“Clarification of a molecular mechanism underlying cerebellar degeneration”

“Clarification of a molecular mechanism underlying cerebellar degeneration”

-A possible clue of therapeutic development for neurodegenerative diseases
Professor Hitoshi Okazawa
Department of Neuropathology,
Division of Pathophysiology,
Medical Research Institute
A team in Medical Research Institute, Tokyo Medical and Dental University led by professor Hitoshi Okazawa has identified a new molecule, MAXER implicated in proliferation of neuroprotective glia cells, Bergmann glia and uncovered the molecular mechanism underlying neurodegenerative pathology. The team has found that the reduction of MAXER triggers cerebellar toxicity via loss of Bergmann glia, which protect the major cerebellar output neurons, Purkinje cells, resulting in cerebellar degeneration.
Although several reports have proved implication of Glia cells in neurodegeneration, underlying detailed molecular mechanisms remained to be solved.

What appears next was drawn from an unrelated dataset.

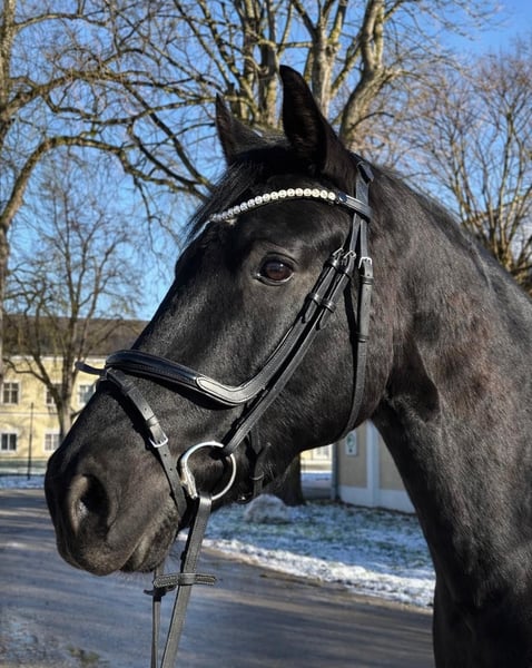For sale is a 2021-born black stallion sired by the S-winning Fürst Otto, from the successful Westphalian dam line 502. His granddam, the state premium mare Pola Negri, produced the Intermediaire I successful Dancing Diamond. Francesco himself was highly scored as a foal and left the regional foal championship as reserve champion with a score of 8.67 points. He is currently being prepared at the Austrian Horse Center for his first dressage competitions. A highly interesting and sensitive dressage prospect! Further information: +43 664 3867678

The group has identified the new molecule, MAXER though a comprehensive screening for identifying genes whose expression levels are altered in cerebellar cells of spinocerebellar ataxia type I (SCA1). The results indicate that MAXER levels are reduced only in SCA1 but not in another neurodegenerative disease such as Huntington disease. Biochemical analysis has revealed that MAXER is an evolutionary conserved endoplasmic reticulum-anchored membrane protein. Reduction of MAXER triggers cell cycle arrest at the G1 phase and MAXER regulates cell cycle through controlling a Cyclin D1 inhibitor, CDKRAP3. They indicated that reduction of MAXER in SCA1 causes reduction of Bergmann glia leading to increased glutamate toxicity in neurons resulting in neurodegenerative pathology.
This discovery is expected to be a clue for therapeutic development of neurodegenerative diseases by utilizing regeneration of Bergmann glia.
The research has been performed with Dr. Hiroki Shiwaku (a graduate student of Tokyo Medical and Dental University) and supported by Dr. Zoghbi, Baylor College of Medicine. This work has been on-line in EMBO Journal since June 8th, 2010.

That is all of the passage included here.